Stars Issues Contributors LICENSE Pkg.go

Install ⭐️

go get github.com/Gers2017/flago

Basic Usage πŸ”₯

Import flago

import (
    "github.com/Gers2017/flago"
)

Populate the flagset

get := flago.NewFlagSet("get")
get.Bool("all", false)
get.Switch("verbose") // Same as get.Bool("verbose", false)

Builder

get := flago.NewFlagSet("get").
    Bool("all", false).
    Switch("verbose") // Same as get.Bool("verbose", false)

Using the Cli struct

cli := flago.NewCli()
cli.Handle(get, func(fs *flago.FlagSet) error {
    HandleFlagset(fs) // do something with parsed get
    return nil
})

if err := cli.Execute(os.Args); err != nil {
    log.Fatal(err)
}
func HandleFlagset(fs *flago.FlagSet) {
    if fs.Bool("help") {
		fmt.Println("Some helpful help message")
		return
	}

    // Do something...
    fmt.Println(todos)
}

Without the Cli struct

Parse the arguments into flags

// os.Args = []string{ "cli", "all", "help" }
if err := get.ParseFlags(os.Args[1:]); err != nil {
    log.Fatal(err)
    return
}

Then use the parsed flagset

if get.IsParsed("all") {
    if get.Bool("help") {
        fmt.Println("Some helpful help message")
        return
    }
    // Do something...
    fmt.Println(todos)
}

Demo 🐲

A complete example can be found here

New FlagSet

get := flago.NewFlagSet("get")

Add flags

get.SetSwitch("verbose")
get.Int("x", 0)

Check if a flag was parsed

It's highly recommended to use this method to check first if a flag was parsed correctly.

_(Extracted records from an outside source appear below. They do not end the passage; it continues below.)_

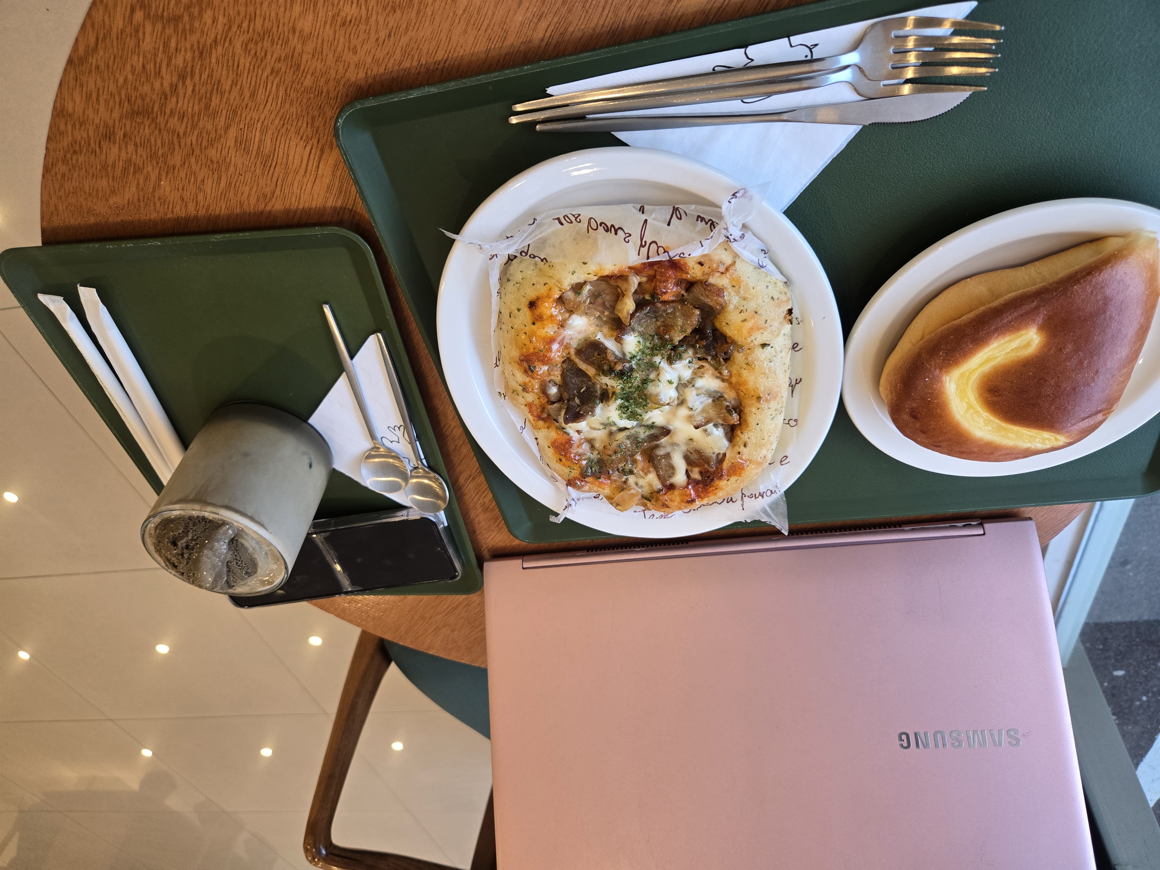 저녁 흑돼지포카치아 반 슈크림빵 반 호지차라떼 반
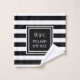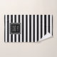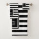 Elegant personalised initials monogram bath towel set featuring a black and white striped pattern with your initials and family name with your established date set in a black-bordered square with a classic white text. Designed by Thisisnotme©
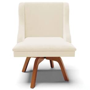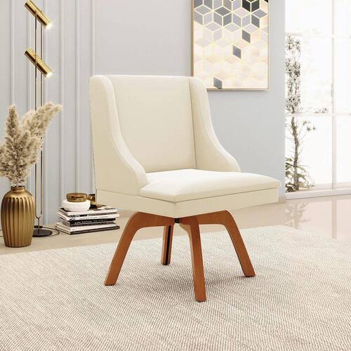 Cadeira Decorativa Sala De Jantar Base Giratória De Madeira Firenze Veludo Bege/natural
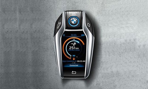 当然,科技感十足的不单单是车本身,其钥匙也是如此。这把钥匙就是宝马i8的智能密钥卡,它具有高清晰度的LCD显示屏,用以显示诸如剩余电量、剩余油 量、续驶里程等各类有用的信息,并允许车主远程设定车内温度。除了实用性以外,科技感十足的外观也是吸引眼球的利器。不得不说这是一把非常智能、非常酷的 车钥匙。当LCD显示屏亮起的那一刻,着实是夜店里装逼的首选。
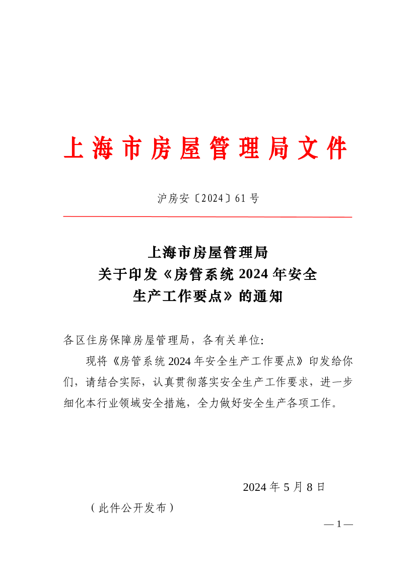 上海市房屋管理局关于印发《房管系统2024年安全生产工作要点》的通知

get.IsParsed("your-flag-name")

The FlagSet.[Bool, Int, Float, Str] methods are just a shortcut for:

Get values

verbose := get.Bool("verbose")
x := get.Int("x")

If the flag name inside the getter method is not registered in the flagset, you'll get an error at runtime.

wrong := get.Bool("some-invalid-flag")

About the API

Why so many strings? Isn't that error-prone?

  1. The FlagSet.[Bool, Int, Float, Str] method can raise an error at runtine (use FlagSet.IsParsed to avoid this)

  2. A note on golang's generics Behind the scenes flago uses maps + generics + type parsing The Flag struct contains a Value property of type any.

    Because if we try to use generics we'd need to declare a map for every type of flag inside Flagset, and Flags map[string]*Flag wouldn't work anymore leading to repeated code.

    The flag module in the standard library solves this by using pointers to the underliying values.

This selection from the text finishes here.